> PROVIDED RECORDS:
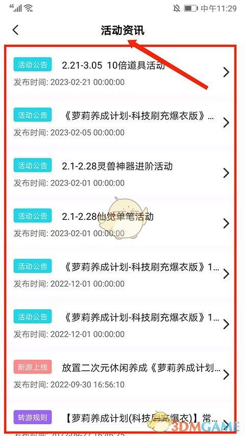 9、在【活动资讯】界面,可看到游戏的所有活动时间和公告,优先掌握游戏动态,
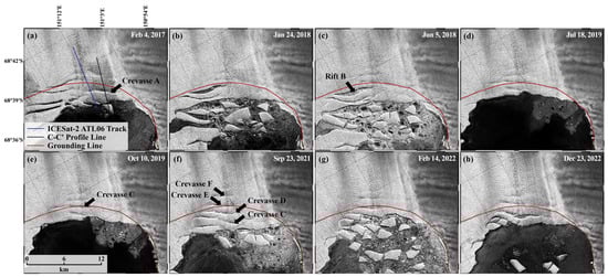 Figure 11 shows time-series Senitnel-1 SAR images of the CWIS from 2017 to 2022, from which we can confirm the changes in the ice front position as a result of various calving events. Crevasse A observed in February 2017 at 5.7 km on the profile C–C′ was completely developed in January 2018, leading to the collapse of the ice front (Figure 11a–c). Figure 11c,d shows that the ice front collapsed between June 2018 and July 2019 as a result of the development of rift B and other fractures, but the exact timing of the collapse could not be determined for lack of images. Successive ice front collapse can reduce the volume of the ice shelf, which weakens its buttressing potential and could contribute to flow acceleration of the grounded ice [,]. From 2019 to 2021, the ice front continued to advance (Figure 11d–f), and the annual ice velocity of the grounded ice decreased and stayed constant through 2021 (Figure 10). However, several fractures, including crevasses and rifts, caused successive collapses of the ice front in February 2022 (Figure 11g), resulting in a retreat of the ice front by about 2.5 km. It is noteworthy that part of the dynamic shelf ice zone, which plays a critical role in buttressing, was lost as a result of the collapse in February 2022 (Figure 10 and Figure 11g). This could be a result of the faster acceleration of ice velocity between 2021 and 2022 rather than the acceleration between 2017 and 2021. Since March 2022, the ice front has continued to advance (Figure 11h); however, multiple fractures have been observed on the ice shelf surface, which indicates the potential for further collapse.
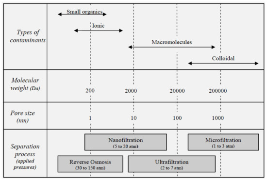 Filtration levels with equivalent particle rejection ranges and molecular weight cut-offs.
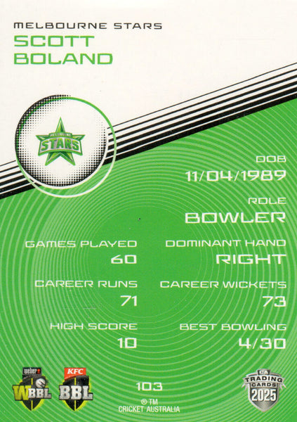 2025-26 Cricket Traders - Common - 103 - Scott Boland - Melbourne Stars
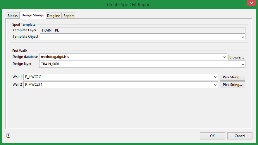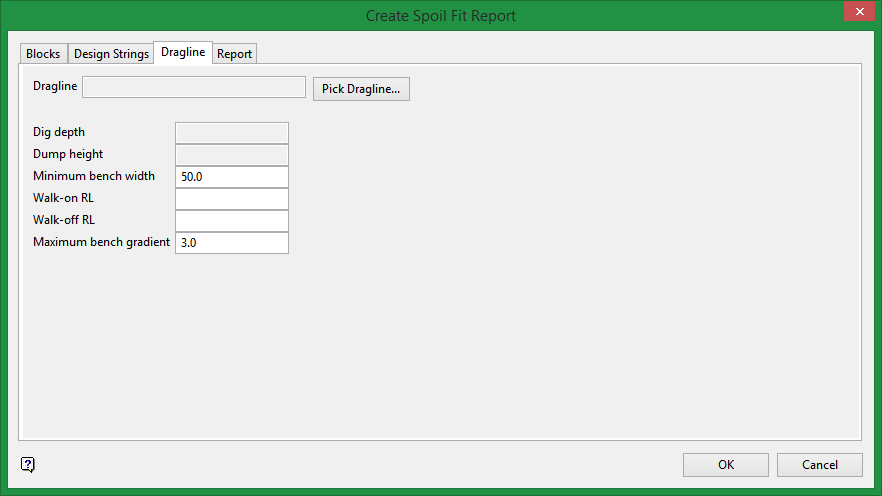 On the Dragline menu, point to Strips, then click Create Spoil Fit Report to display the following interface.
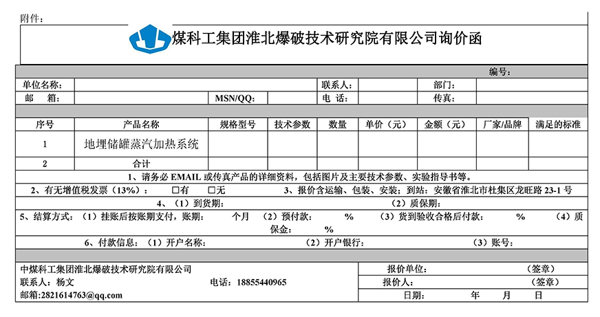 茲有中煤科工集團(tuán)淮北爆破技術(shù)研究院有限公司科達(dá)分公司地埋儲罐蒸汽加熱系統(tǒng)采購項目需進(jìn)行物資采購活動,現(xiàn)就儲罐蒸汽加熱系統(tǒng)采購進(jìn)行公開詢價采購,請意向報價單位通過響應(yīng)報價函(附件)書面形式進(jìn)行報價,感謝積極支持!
...
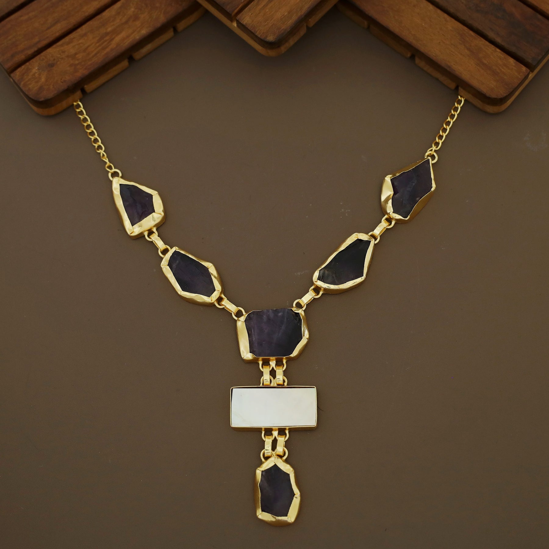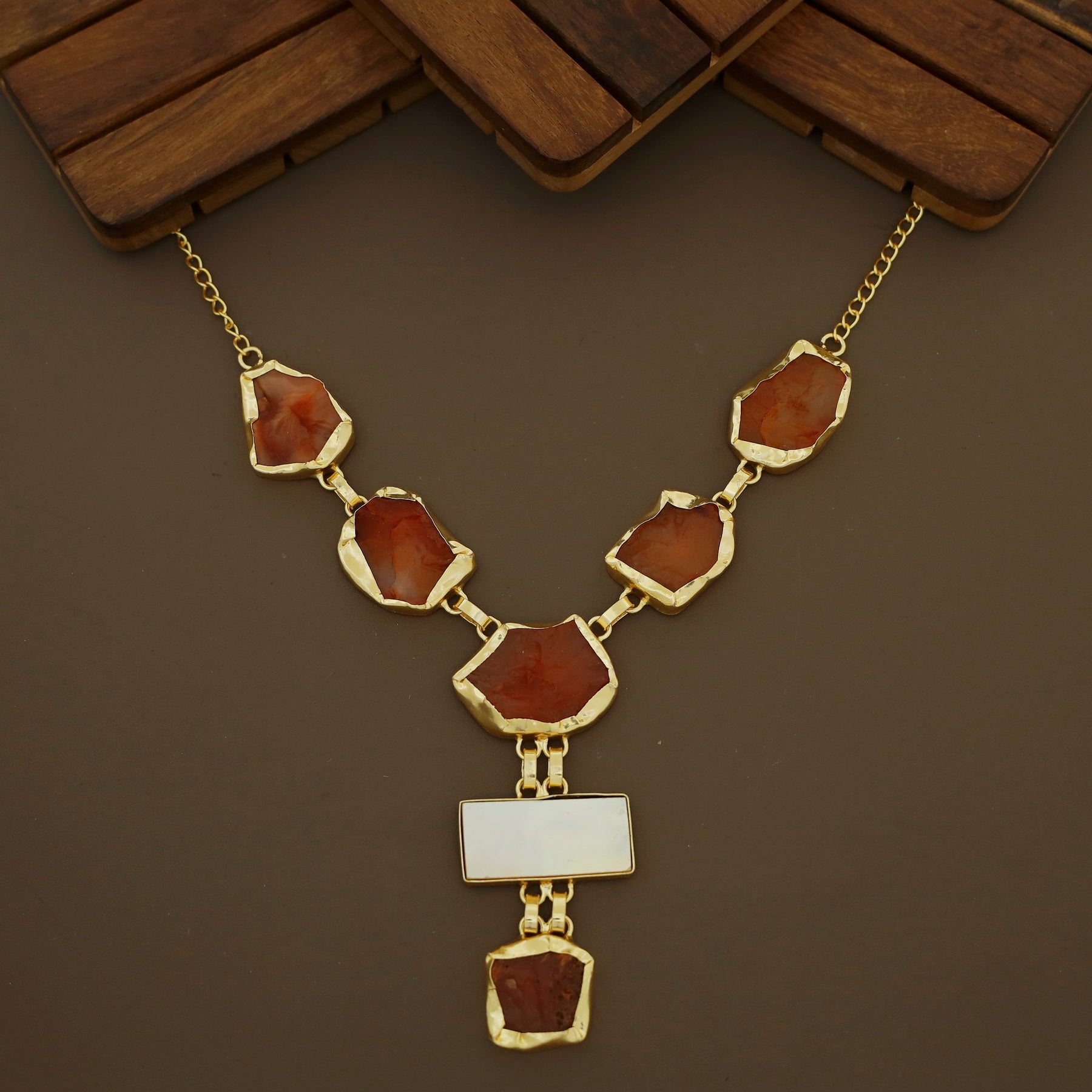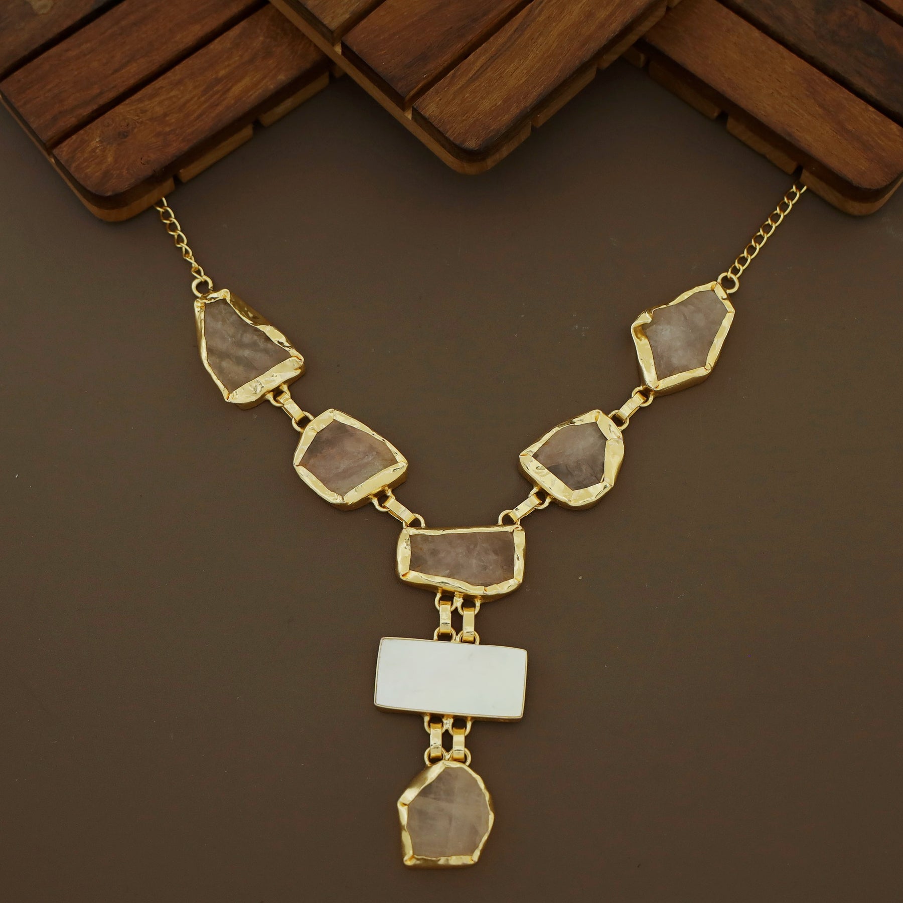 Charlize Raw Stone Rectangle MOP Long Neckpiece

> WHAT IS BEING ASKED: Above are the records; return the lines in them from the one with "2025-26 Cricket Traders" to the one with "茲有中煤科工集團(tuán)", inclusive, exactly and without images.

> ANSWER BOX:
 2025-26 Cricket Traders - Common - 103 - Scott Boland - Melbourne Stars
 On the Dragline menu, point to Strips, then click Create Spoil Fit Report to display the following interface.
 茲有中煤科工集團(tuán)淮北爆破技術(shù)研究院有限公司科達(dá)分公司地埋儲罐蒸汽加熱系統(tǒng)采購項目需進(jìn)行物資采購活動,現(xiàn)就儲罐蒸汽加熱系統(tǒng)采購進(jìn)行公開詢價采購,請意向報價單位通過響應(yīng)報價函(附件)書面形式進(jìn)行報價,感謝積極支持!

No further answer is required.